Iceman, a highly skilled pilot, insults Goose by calling him “Mother Goose” when they first meet.  When Goose dies, Mavericks only “family,” Maverick suffers and develops a brief complex towards engaging with an enemy.

Family is weakness, family is bad, family leads to suffering.

The success and skill of the two best pilots, Iceman and Maverick, seems to be based on their lack of family. They are free to fly, so to speak. Their families aren’t weighing them down.

On another note entirely, WHY DO THEY INSIST ON SINGING BADLY IN PUBLIC?

This happens a number of times, but the following two examples are the most glaring. I was shocked at the deluge of testosterone in the bar when the chorus of men belts, “You’ve Lost that Loving Feeling” at Charlie. Impromptu? I think not. Regardless, Charlie seems to be pleased with the display.

Another musical scene takes place in another bar during the day with Goose, his family, Charlie, and Maverick. They joyfully yell, “Great Balls of Fire” at each other.

I wasn’t exactly sure about the song titles, so I was about to look them up on the internet. Then I had an idea:

“Hey Dad!”

“What?”

“What song did those guys all sing in the bar scene to the girl in Top Gun?”

“You’ve Lost that Loving Feeling,” he said. He began to sing, “Loovin Feeelin.”

A few minutes later…

“Hey Mom!” I wanted to give her a chance too.

“Yeah?”

“What song did Goose and Maverick sing with the piano?”

“Great Balls of Fire” she said.

Then my dad said to me, “Your mother wanted to have Tom Cruise’s babies.” How many times have you seen Top Gun? Like 20?”

My mom scoffed.

I am still laughing.

 

On yet another note, WHY ARE THEY ALWAYS NIBBLING ON SOMETHING?

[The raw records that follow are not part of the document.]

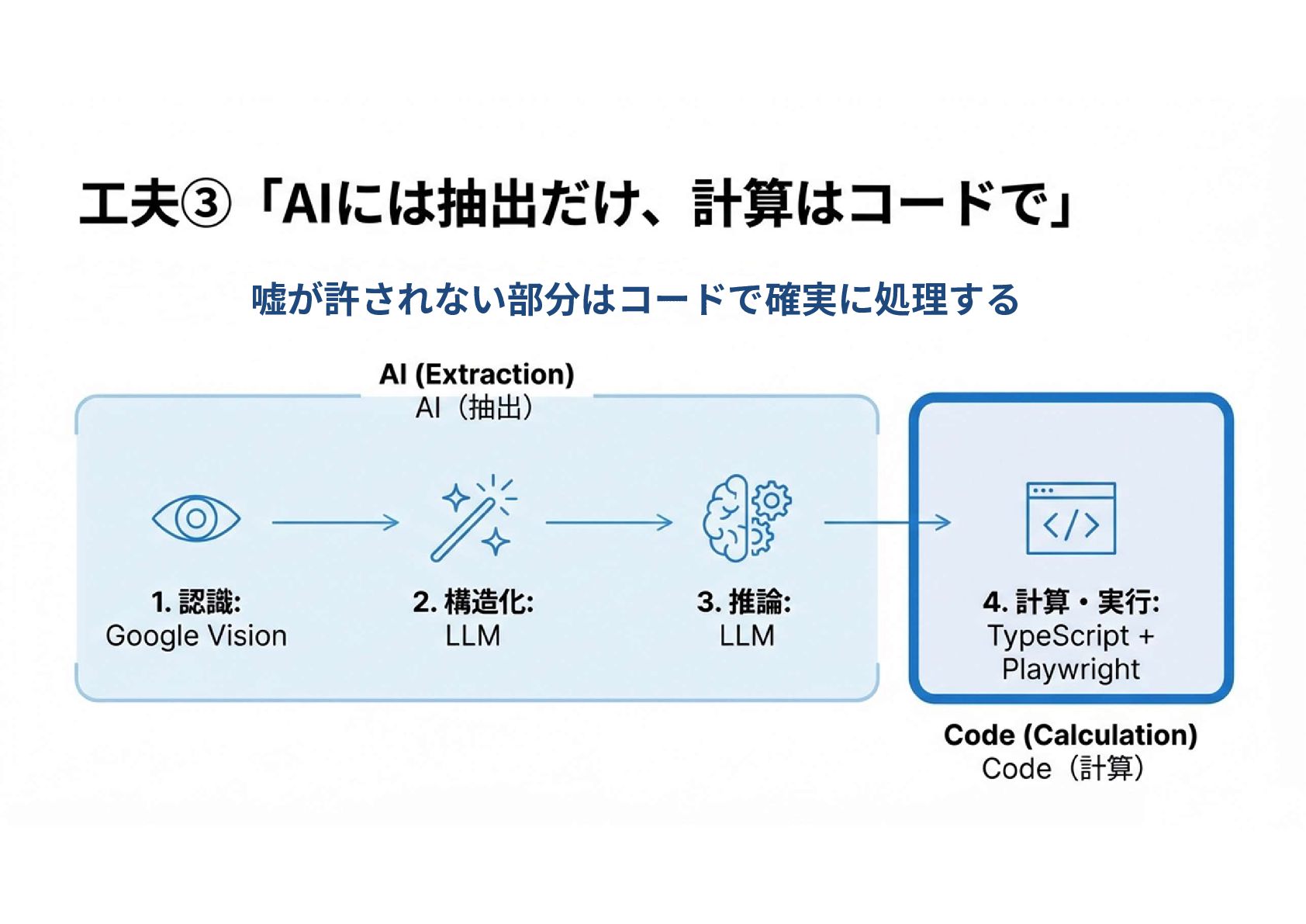 嘘が許されない部分はコードで確実に処理する
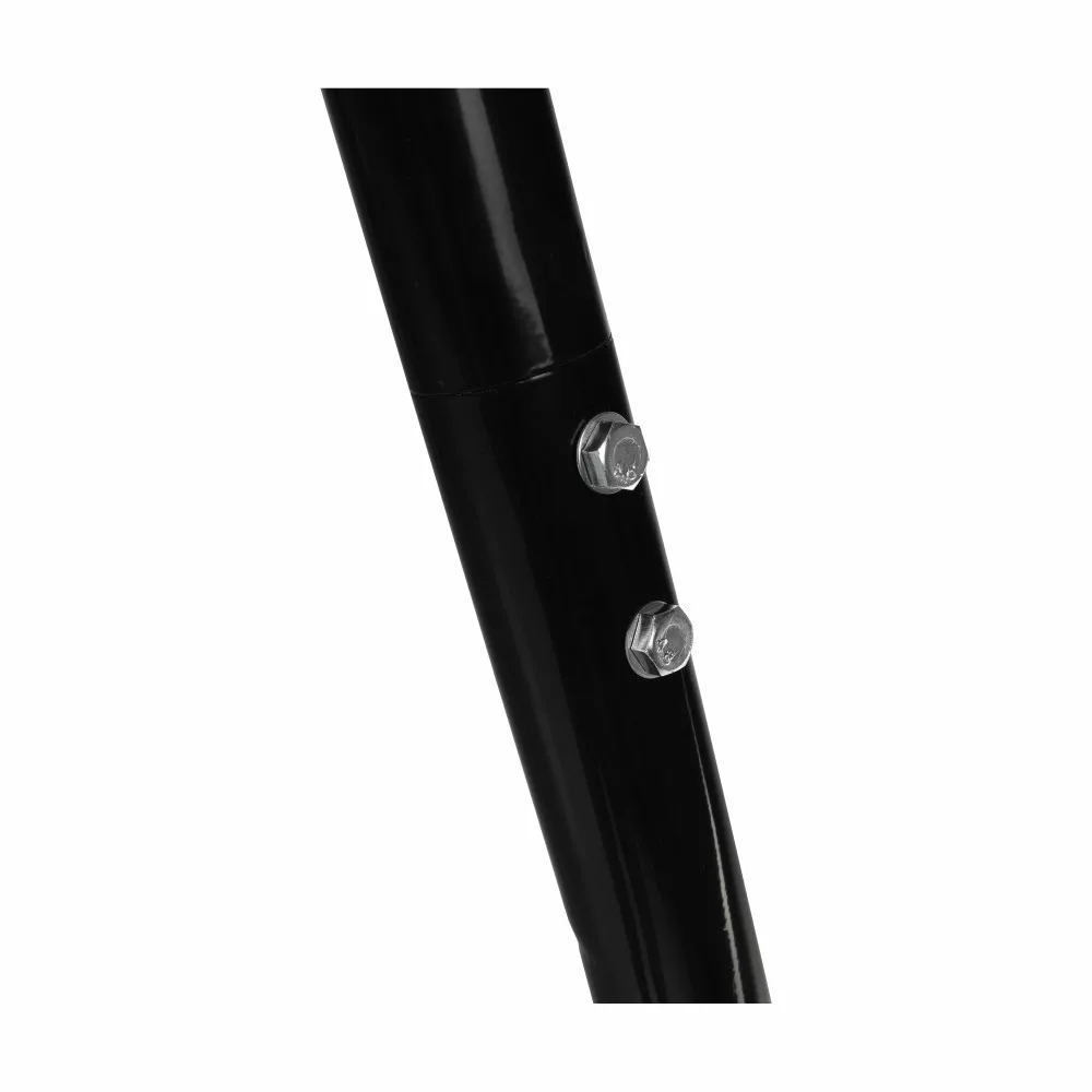 Álvány függő hintaszékre HAKI Anyag: acél Szín: fekete Méretek (SzxH): 280x280 cm Rúd átmérője: 42 mm Rúd vastagsága: 1,5 mm Maximális teherbírás: 200 kg Egy függő székre Sík és szilárd felületre Bontásban szállítva.
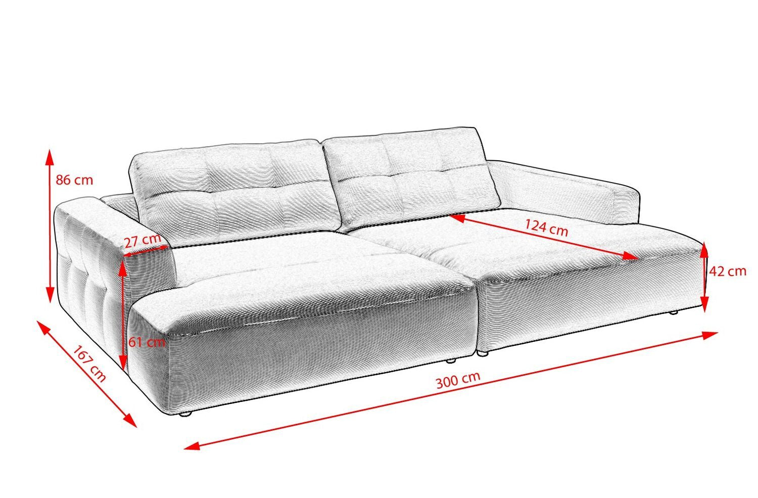 El Sofá extra ancho MIKA de KAWOLA combina un diseño moderno con un acabado de alta calidad y se convertirá en el centro de atención de su salón. Con su tapizado integral en la moderna tela Pana, el sofá resulta atractivo desde todos los ángulos y se puede colocar de forma flexible en la habitación. Su característica más destacada es la comodidad del asiento, de firmeza media, que ofrece un agradable equilibrio entre apoyo y comodidad. Con unas dimensiones de 300 cm de ancho y 167 cm de fondo, el sofá ofrece espacio suficiente para pasar horas de relax, mientras que la suspensión de muelles ondulados del asiento y el duradero tapizado de espuma fría proporcionan comodidad y apoyo adicionales. El Sofá extra ancho MIKA de KAWOLA no sólo es elegante y cómodo, sino también muy acogedor, para pasar horas de relax en el salón. Regálese lo mejor y opte por calidad y estilo: elija MIKA.
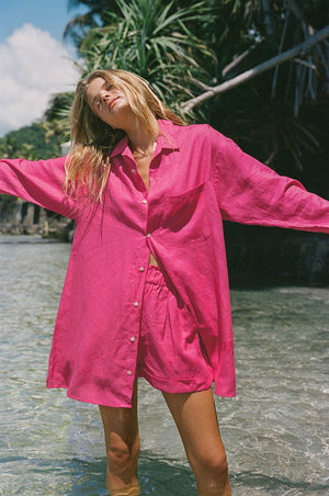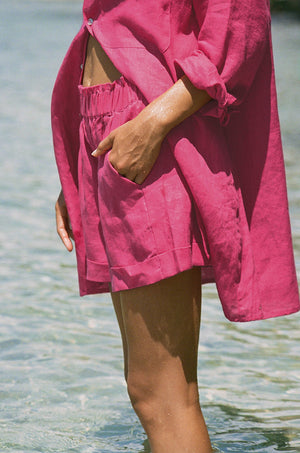 Such an effortless essential for your holidays and beyond! The highly flattering design of our SUMMER shorts and their super soft feel of light-weight, 100% French flax linen make them the perfect addition to your wear-forever summer wardrobe. They feature an elasticated waistband for extra comfort and side pockets with beige lining to reduce transparency. Style them with our SUMMER linen shirt-dresses for an instant sophisticated sunshine outfit you will live in all summer long.
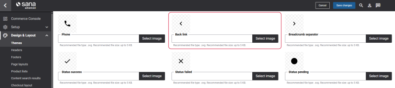 You can also change the icon of the Back to overview link using Themes. In Sana Admin click: Design & Layout > Themes. On the Icons tab, in the Other icons section, you can change the Back link icon.
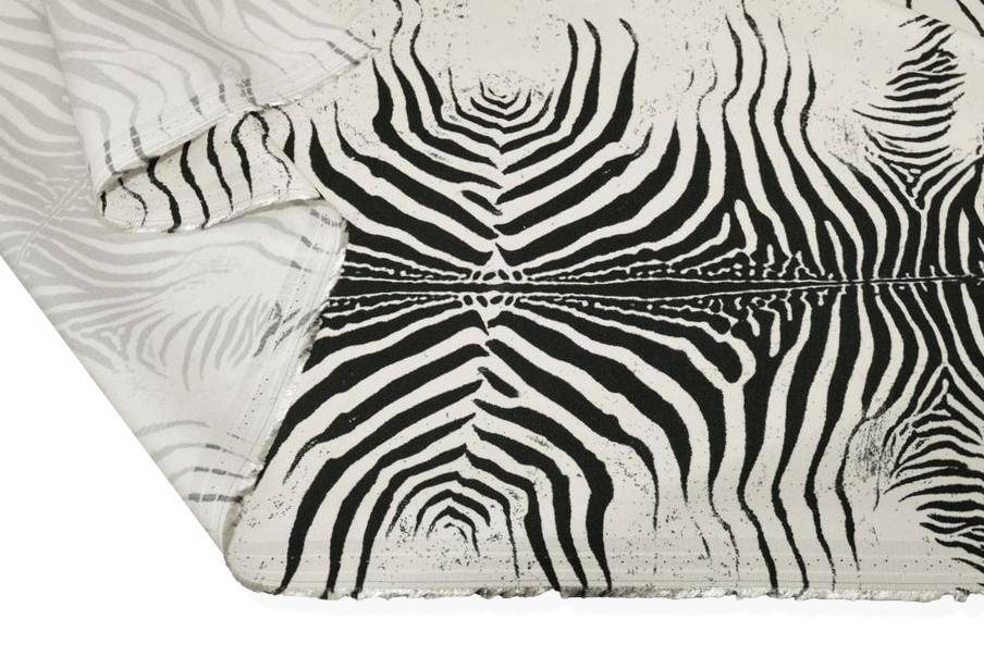 Il design presenta una fantasia animalier zebrata nei toni del nero e bianco naturale, creando un effetto grafico deciso e contemporaneo, ideale per valorizzare ogni look con un tocco distintivo.
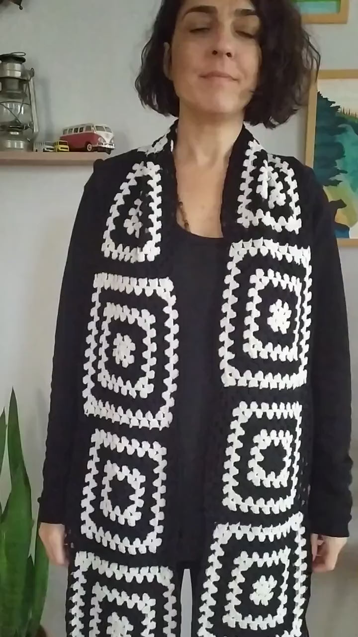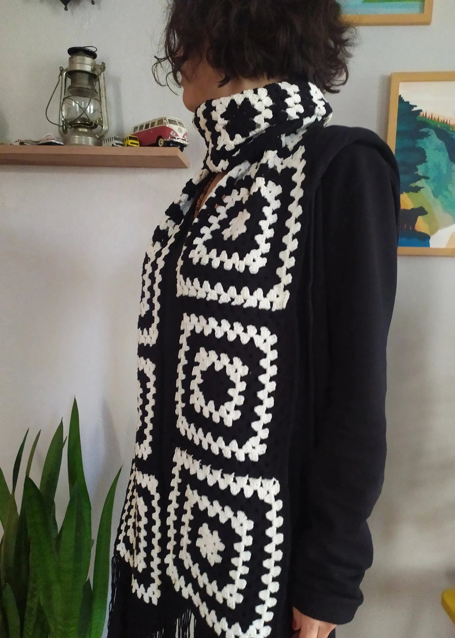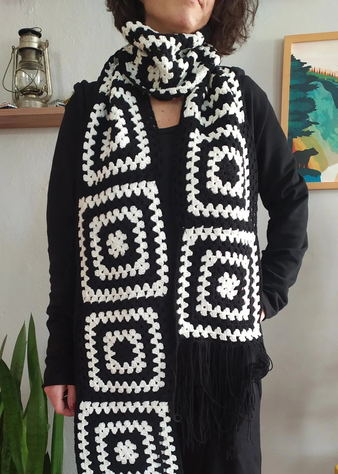 The black and white long granny square knitted scarf will keep you warm throughout the winter and add elegance to your clothes.
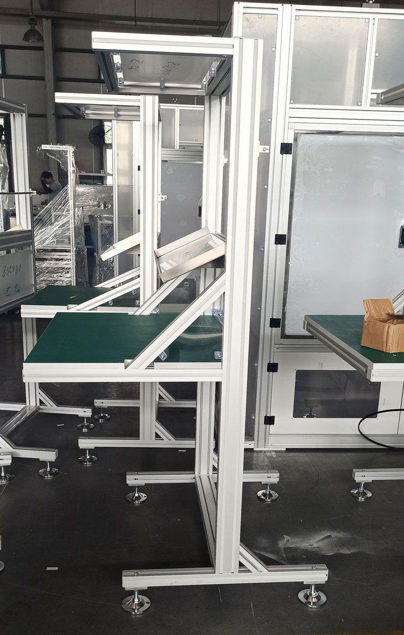 工業(yè)鋁型材工作臺應用在生產流水線上、檢驗區(qū)域等工業(yè)操作區(qū),可以定制交互式工作臺,防靜電工作臺,抽屜式工作臺,重型工作臺,電氣工作臺,實驗室工作臺等。

It’s never a substantial chew, just a slight mouth movement that I can’t help but conclude that Tony Scott thought this made them look cool or relaxed or something. Well, it was distracting to me, especially when they aren’t really eating something, or they’ve chewed something into cud, or they stop nibbling mid-sentence and then never resume. Maybe they are avid snackers and they carry small Ziplocs of goldfish everywhere. Strange.

They nibble—particularly when Charlie and Maverick converse. Look for it.

I liked Top Gun. I want a call name. I bet there’s a Top Gun name generator somewhere.

 

Thumbs up!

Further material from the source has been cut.